Omit every picture while repeating the entries exactly.

- [Dataset entries]:
*** Block opens ***

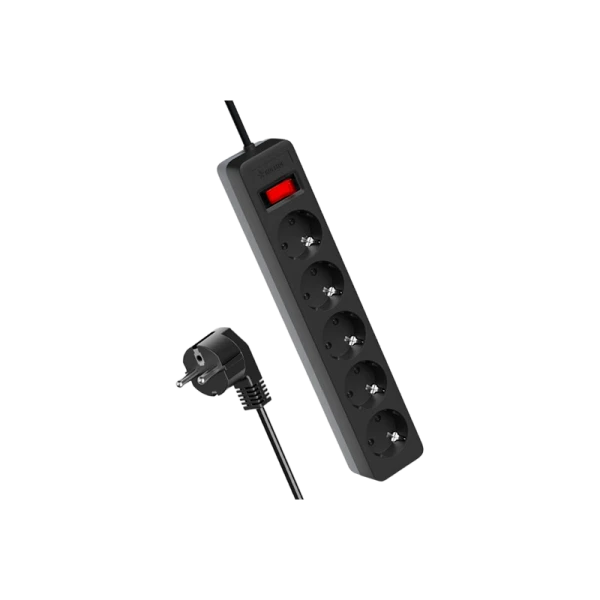 Черный сетевой фильтр 1,8м на 5 гнезд с двумя защитами для гаджетов и дорогой техники – варистор для защиты от «плохого» тока
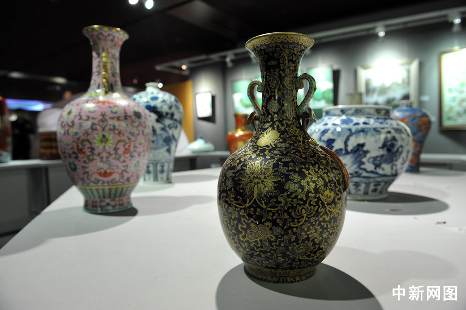 圖為現(xiàn)場展示的景德鎮(zhèn)精品陶瓷作品。中新網(wǎng)記者 金碩 攝
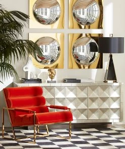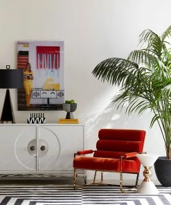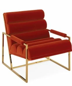 Minimalist comfort gets a modernist makeover—we’ve taken our definition of leaned-back luxury to the next level with our Channeled Goldfinger Lounge Chair. Ultra-comfy channeled cushions and plush arm rests complement its perfect pitch on a pared down, polished brass frame. A bold burnt orange velvet turns up the glam, alternating blues feel seaside chic, or a fresh textural finish takes neutral to the next level. A mod moment for your Park Ave pad or swanky chic for your mid-century abode.
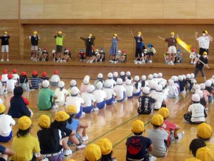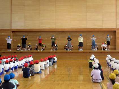 各色団の6年生がステージにあがって、応援エールを見せてくれました。
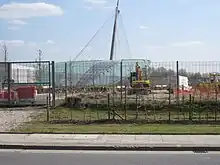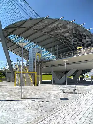 The station building features a striking curved copper and glass canopy suspended by a cable-tensioned steel structure.[4] It was designed by architects Aukett Fitzroy Robinson,[5] whose work has included a number of projects for London Underground (including Clapham Common tube station, and the reconstruction of Farringdon and Blackfriars stations). It was completed in 2005 in readiness for the Metrolink extension through Oldham to Rochdale as part of Phase 3a of the Metrolink expansion project.[3] However, due to funding problems and repeated project cancellations, the line extension remained unused for seven years.[2] Although the station lies next to the Calder Valley railway line between Victoria and Rochdale (at the northern end of the old "Cheetham Hill Loop" line built by the L&YR in 1877 to avoid the notorious Miles Platting bank, which closed in 1998), there is no interchange with National Rail services. However, it is possible that railway platforms may be added in future.[6]
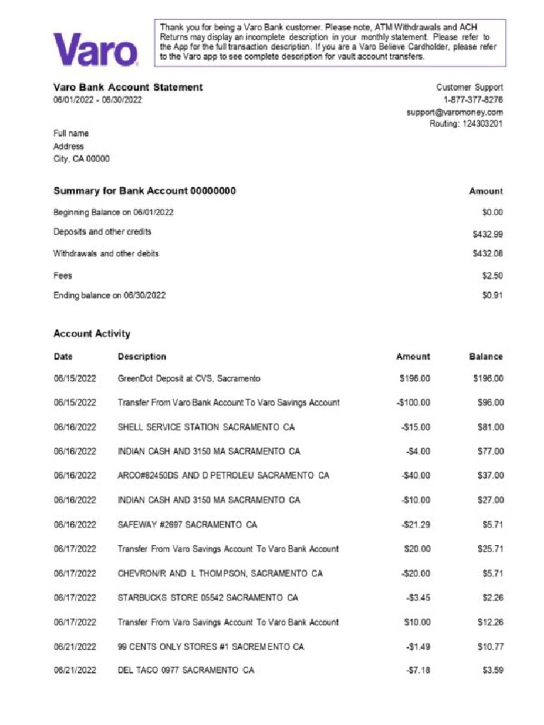 Varo Bank Statement Template Fill Online Printable Fillable Blank
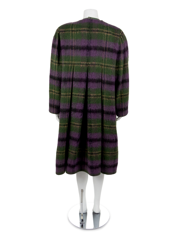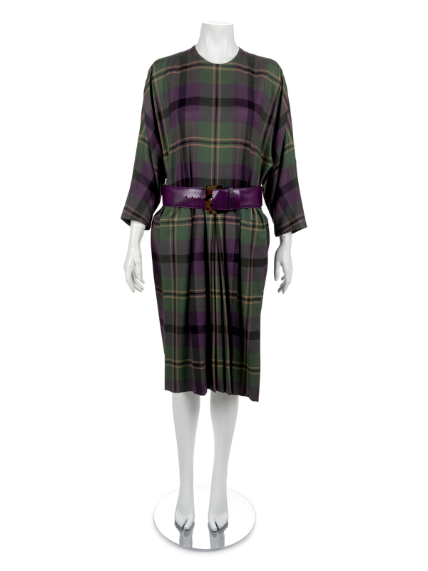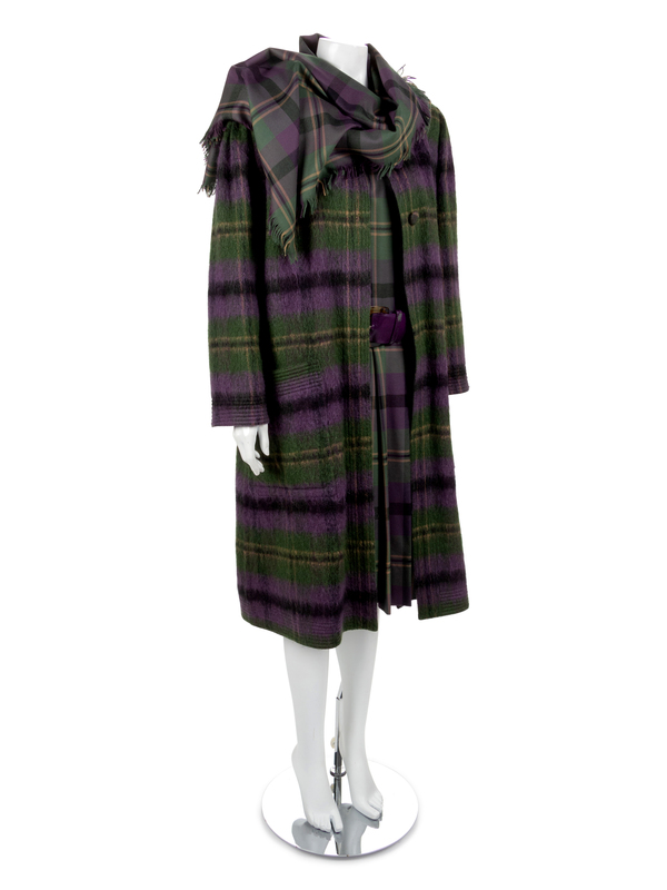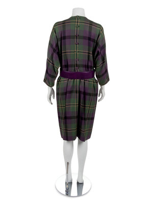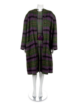 Ensemble Consists of Coat, Dress, Scarf, and Belt. Purple and Green plaid wool blend swing coat with jewel neckline, straight sleeves, front patch pockets, and front button closure. Dress in matching purple and green plaid wool with scoop neck, combined bodice and 3/4 sleeve, pleated and gathered straight skirt, and back button and zipper closure. Scarf in matching purple and green plaid wool. Belt is purple embossed leather in snake skin with faux tortoise shell buckle.
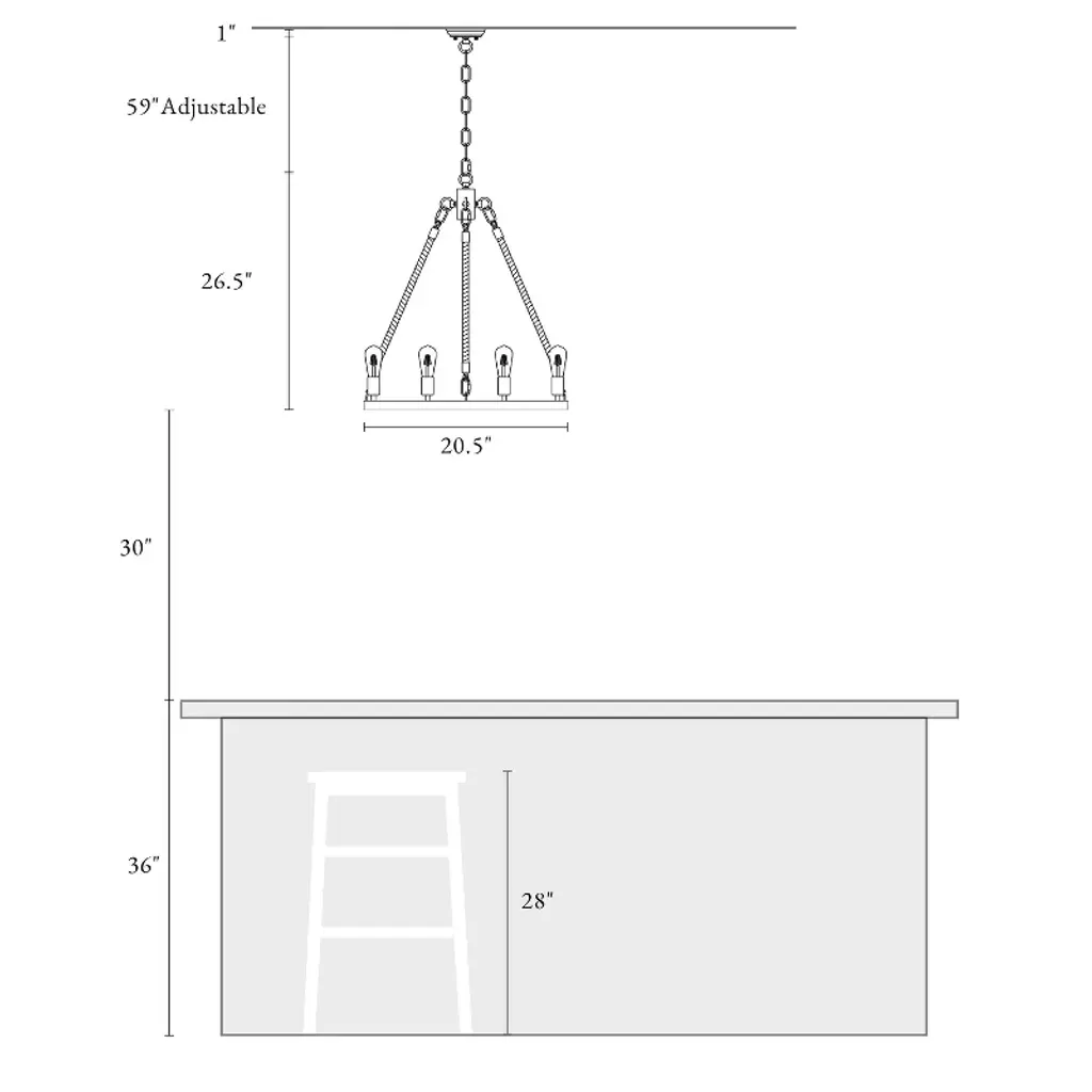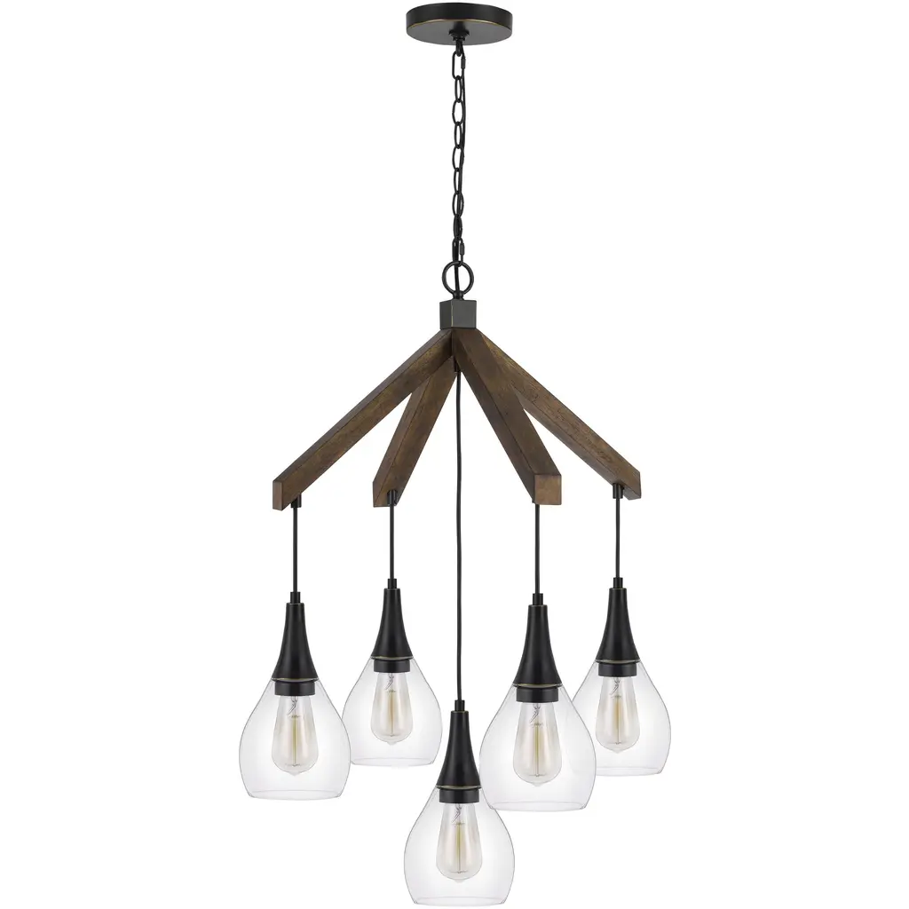 Rustic strength meets refined form in this 6-light chandelier from LNC Home. A matte black circular ring is supported by weathered wood beams, framing exposed bulbs that cast warm, open light. Measuring 20.5" wide by 26.5" high with an adjustable chain (29" to 86.5"), it adapts seamlessly to vaulted or flat ceilings in dining rooms, foyers, or great rooms. From the Laiuls Collection, this design merges rugged textures with bold geometry, offering a dramatic yet welcoming focal point. Perfect for modern farmhouse living, it adds both durability and charm. Bulbs not included.
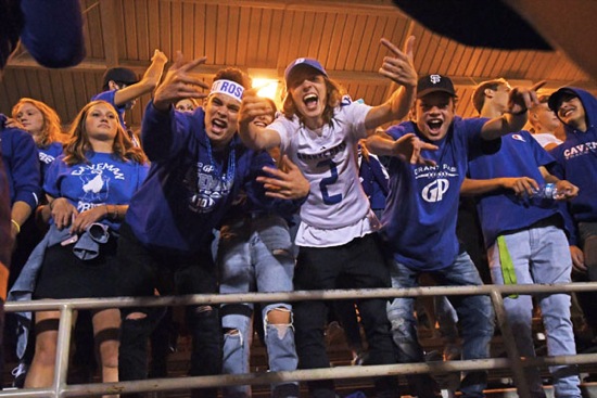 The Grants Pass student section was fired up as the Cavemen rolled to a 30-7 victory over Roseburg.

*** Block closes ***

- [Reply to the task]:
 Черный сетевой фильтр 1,8м на 5 гнезд с двумя защитами для гаджетов и дорогой техники – варистор для защиты от «плохого» тока
 圖為現(xiàn)場展示的景德鎮(zhèn)精品陶瓷作品。中新網(wǎng)記者 金碩 攝
 Minimalist comfort gets a modernist makeover—we’ve taken our definition of leaned-back luxury to the next level with our Channeled Goldfinger Lounge Chair. Ultra-comfy channeled cushions and plush arm rests complement its perfect pitch on a pared down, polished brass frame. A bold burnt orange velvet turns up the glam, alternating blues feel seaside chic, or a fresh textural finish takes neutral to the next level. A mod moment for your Park Ave pad or swanky chic for your mid-century abode.
 各色団の6年生がステージにあがって、応援エールを見せてくれました。
 The station building features a striking curved copper and glass canopy suspended by a cable-tensioned steel structure.[4] It was designed by architects Aukett Fitzroy Robinson,[5] whose work has included a number of projects for London Underground (including Clapham Common tube station, and the reconstruction of Farringdon and Blackfriars stations). It was completed in 2005 in readiness for the Metrolink extension through Oldham to Rochdale as part of Phase 3a of the Metrolink expansion project.[3] However, due to funding problems and repeated project cancellations, the line extension remained unused for seven years.[2] Although the station lies next to the Calder Valley railway line between Victoria and Rochdale (at the northern end of the old "Cheetham Hill Loop" line built by the L&YR in 1877 to avoid the notorious Miles Platting bank, which closed in 1998), there is no interchange with National Rail services. However, it is possible that railway platforms may be added in future.[6]
 Varo Bank Statement Template Fill Online Printable Fillable Blank
 Ensemble Consists of Coat, Dress, Scarf, and Belt. Purple and Green plaid wool blend swing coat with jewel neckline, straight sleeves, front patch pockets, and front button closure. Dress in matching purple and green plaid wool with scoop neck, combined bodice and 3/4 sleeve, pleated and gathered straight skirt, and back button and zipper closure. Scarf in matching purple and green plaid wool. Belt is purple embossed leather in snake skin with faux tortoise shell buckle.
 Rustic strength meets refined form in this 6-light chandelier from LNC Home. A matte black circular ring is supported by weathered wood beams, framing exposed bulbs that cast warm, open light. Measuring 20.5" wide by 26.5" high with an adjustable chain (29" to 86.5"), it adapts seamlessly to vaulted or flat ceilings in dining rooms, foyers, or great rooms. From the Laiuls Collection, this design merges rugged textures with bold geometry, offering a dramatic yet welcoming focal point. Perfect for modern farmhouse living, it adds both durability and charm. Bulbs not included.
 The Grants Pass student section was fired up as the Cavemen rolled to a 30-7 victory over Roseburg.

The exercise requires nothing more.